January 2, 2012

Slow Down


Man in Striped Shirt at the Piano, 1954
Photograph by Roy DeCarava


Excerpts from The Joy of Quiet by Pico Iyer, published December 29, 2011 in The New York Times Sunday Review:


A few months later, I read an interview with the perennially cutting-edge designer Philippe Starck. What allowed him to remain so consistently ahead of the curve? "I never read any magazines or watch TV," he said, perhaps a little hyperbolically. "Nor do I go to cocktail parties, dinners or anything like that." He lived outside conventional ideas, he implied, because "I live alone mostly, in the middle of nowhere."


. . . . . . . .


The urgency of slowing down - to find the time and space to think - is nothing new, of course, and wiser souls have always reminded us that the more attention we pay to the moment, the less time and energy we have to place it in some larger context. "Distraction is the only thing that consoles us for our miseries," the French philosopher Blaise Pascal wrote in the 17th century, "and yet it is itself the greatest of our miseries." He also famously remarked that all of man's problems come from his inability to sit quietly in a room alone.


. . . . . . . . 


We have more and more ways to communicate, as Thoreau noted, but less and less to say.
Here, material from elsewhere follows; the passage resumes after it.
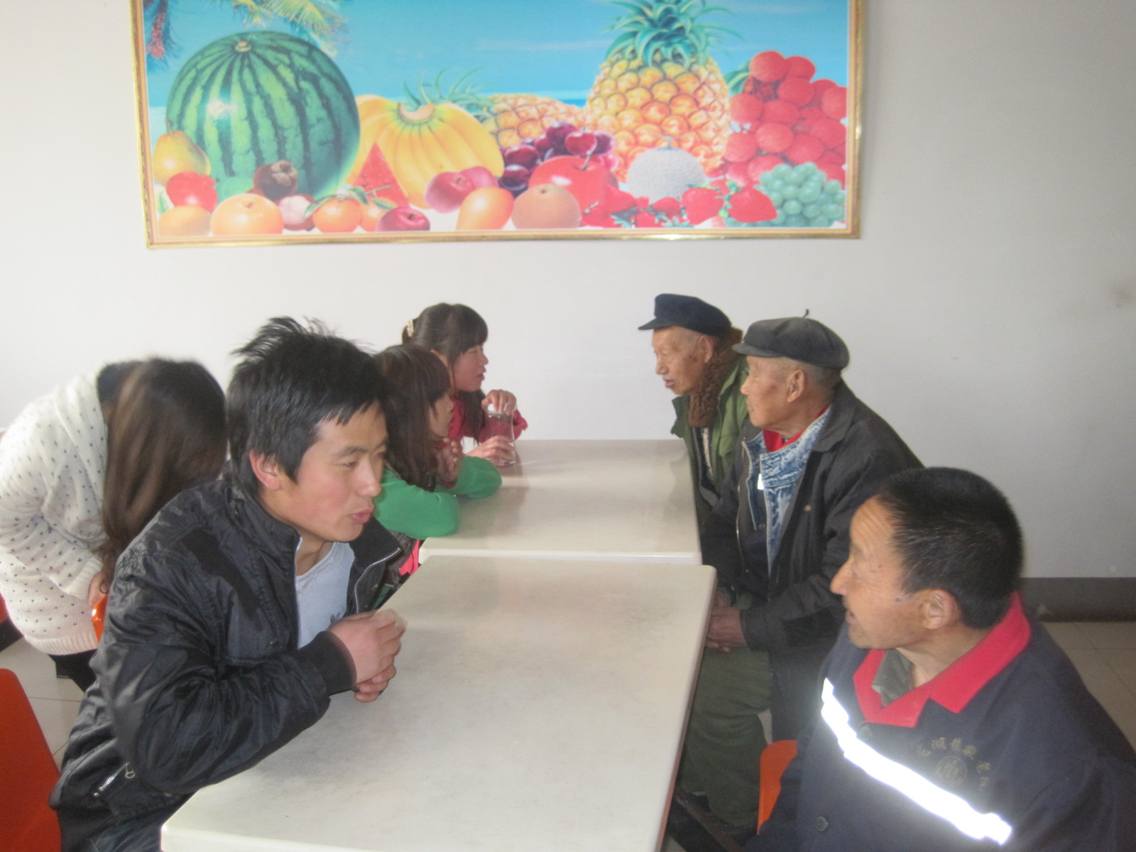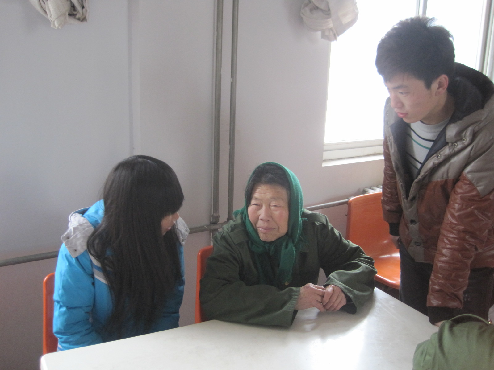 志愿者来到敬老院时,经理热情地接待了我们。接下来,同学们就投入到了对老人的交流慰问中。首先大家把老人从居室搀扶到了餐厅,小心翼翼,体贴备至,老人们甚是感动,不停地道谢。在交流过程中,有的同学和老人们聊天,听他们讲述年轻时的故事和现在的生活状况,以便了解老人生活中的不便和老人们的希望;有的同学还在现场讲笑话,逗得老爷爷老奶奶们很是开心;在慰问期间,有些同学们还和老人玩上了扑克牌;随后,一位老人还给大家表演了吹口琴,赢得大家阵阵掌声,同学们也都跟着那优美的旋律唱了起来,整个餐厅洋溢着温暖。最后经理发表讲话,他非常感谢大家的到来,还鼓励同学们努力学习,把自己塑造成为祖国的栋梁之才。一个多小时的时间后,同学们恋恋不舍地与老人告别,离开了养老院。

Partly because we're so busy communicating. And - as he might also have said - we're rushing to meet so many deadlines that we hardly register that what we need most are lifelines.


. . . . . . . . 


None of this is a matter of principle or asceticism; it's just pure selfishness. Nothing makes me feel better - calmer, clearer and happier - than being in one place, absorbed in a book, a conversation, a piece of music. It's actually something deeper than mere happiness: it's joy, which the monk David Steindl-Rast describes as "that kind of happiness that doesn't depend on what happens."